20 de noviembre de 1887, Lorient


Hoy la alucinación ha desaparecido. Ayer acabé la última botella de vino, de lo que deduzco que mi estado era efecto directo de la ingestión etílica.
Ha dejado de llover, y el sol ha permitido por primera vez desde hace tiempo que sus rayos se abran paso por entre los resquicios que dejan las oscuras nubes.
Creo que he superado esta crisis, afortunadamente. Hasta me parece que esta noche saldré un momento al exterior. Tal vez vaya al café, comienzo a entumecerme aquí encerrado.
Mis manos tiemblan al escribir estas tal vez mis últimas palabras. No sé lo que será de mí. He cogido el revolver que escondía en el armario, pero creo que no me servirá de nada. Ella ha vuelto a por mí.


___________________


Fui yo. ¿Verdad? Fui yo. Yo quise el amor. Mas quise también la muerte como culminación de aquel amor tormentoso.
Te empujé y tú caíste al mar como una gota más de lluvia. Pude ver cómo caías. No te oí. Tal vez gritabas. Y, oh, perdóname, disfruté enormemente ante aquel premeditado asesinato. Quería ver en tus ojos el brillo pálido de la muerte, quería sentir que la sangre me hervía al verlo. Oh, no, no merezco perdón alguno.
Me desvanecí, caí en un profundo sopor del que no desperté hasta minutos después. Cuando lo hice lo había olvidado todo.
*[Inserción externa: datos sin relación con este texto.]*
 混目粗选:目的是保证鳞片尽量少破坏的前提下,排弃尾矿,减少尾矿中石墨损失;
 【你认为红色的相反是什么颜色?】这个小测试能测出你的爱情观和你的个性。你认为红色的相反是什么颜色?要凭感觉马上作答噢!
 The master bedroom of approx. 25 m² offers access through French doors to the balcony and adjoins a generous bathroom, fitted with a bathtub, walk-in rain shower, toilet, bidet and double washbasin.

Acabo de llamar a la policía. Ya está dicho todo, vienen hacia aquí. Pero no esperaré a que lleguen. Estas serán mis últimas palabras. Luego callaré, callaré para siempre. He de acabar con esta perversión, con esta locura que me envuelve en tinieblas profundísimas. He de acabar con el más maldito de todos.
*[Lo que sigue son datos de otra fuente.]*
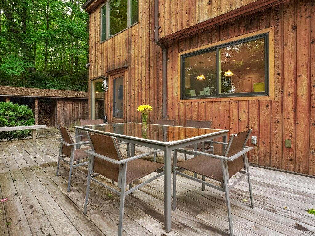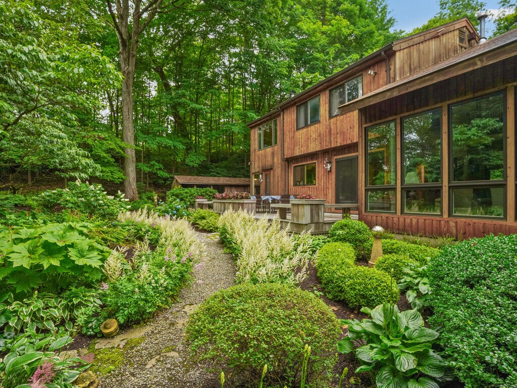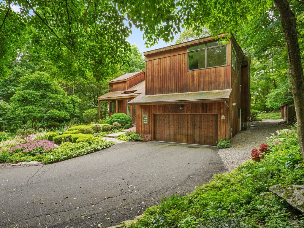 Call for Availability - Step into this exceptional contemporary home, ideally located in lower Easton - just minutes from shopping, amenities, and major highways! Hardwood floors flow throughout, and the home is currently being freshly painted. Featuring floor-to-ceiling windows and breathtaking views, this 4- to 5-bedroom residence offers a serene, private retreat with an open floor plan and modern amenities. The first floor boasts dramatic vaulted ceilings, 2 fireplaces, and abundant natural light, along with an office (or 5th bedroom). The updated kitchen with center island opens seamlessly to the family room and dining area, which features custom built-ins with sconces. Enjoy effortless indoor/outdoor living with access to the IPE deck from both the sitting area and kitchen. Upstairs, the expansive primary suite overlooks the spectacular property and includes radiant-heated floors throughout the primary bath and dressing room, an additional custom walk-in closet, and a spa-like bath with soaking tub, double sinks, and spacious shower. This unique suite also includes a half bath and a full laundry room with sink. Three additional bedrooms, another full bath, and a cedar closet complete the second floor. Additional highlights include a full-house generator, landscape lighting, and a heated driveway. Come see this remarkable home and its beautiful gardens and grounds for yourself! MLS# 24130388
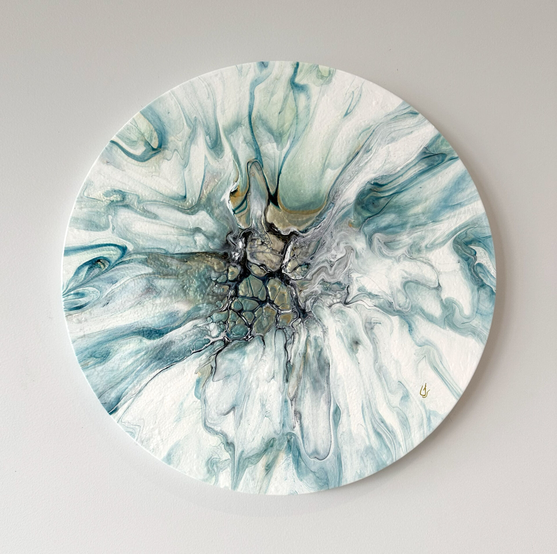 Ice Crater, part of Ice Caves Series, fluid art on wood by Artist Jackie Teer
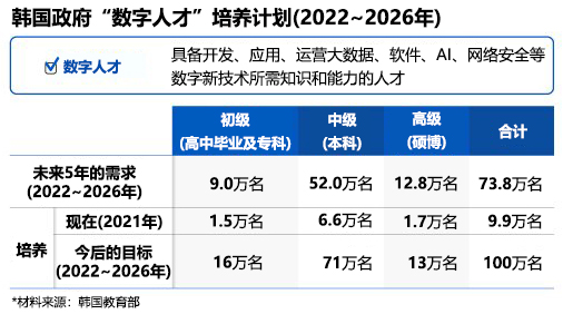 特别是总统尹锡悦每次强调半导体时,都会同时强调教育和人才的重要性。尹总统的教育议程是通过果断的高等教育限制改革确保核心人才,从小学、初中教育开始培养具备数字能力的潜在人才。韩国教育部表示,包括半导体在内的高新技术产业人才培养计划已经启动,将在今后10年内培养15万名半导体人才。据推算,相关产业人才需求在2031年为303,943名,但目前韩国国内产业人才只有176,509名。韩国政府计划通过扩大大学招生名额培养4.5万人,通过培训教育培养10.5万人。
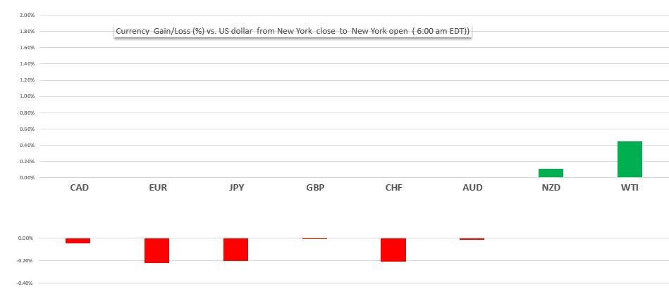 Change in currency value against the US dollar from NY close to  NY  open (6:00 am EST)
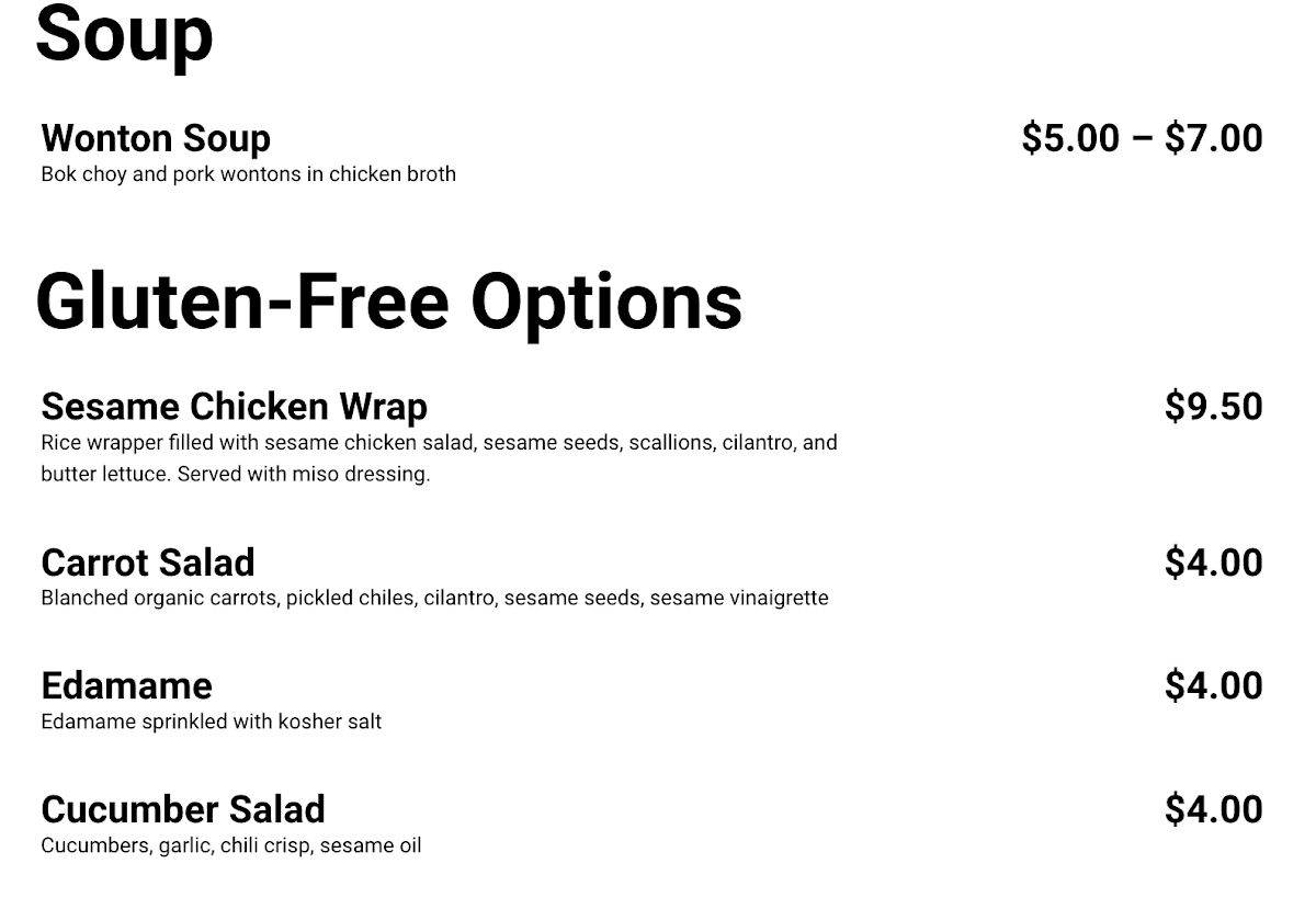 Highlights such as the Nikuman, Egg Tart, and the fusion-style Eggplant-Tofu Bao showcase a blend of comforting textures and mild, approachable spices. This makes the menu well suited for those seeking familiar warmth with a hint of creative flair. Additionally, lighter choices like the carrot salad and cucumber salad provide fresh, gluten-free alternatives that complement the softer bao selections.

Estas páginas son mi último tributo a tu memoria, Zoe. Alguien las leerá. Tendrá que leerlas, las mantendré fuertemente sujetas a mi pecho cuando me vuele la cabeza.
Espero que me perdones.
Si es así, si alguien como tú ha de pudrirse en el fondo del océano, yo no me resistiré a ser pasto de los gusanos. He de pudrirme, también, bajo una fría losa de piedra.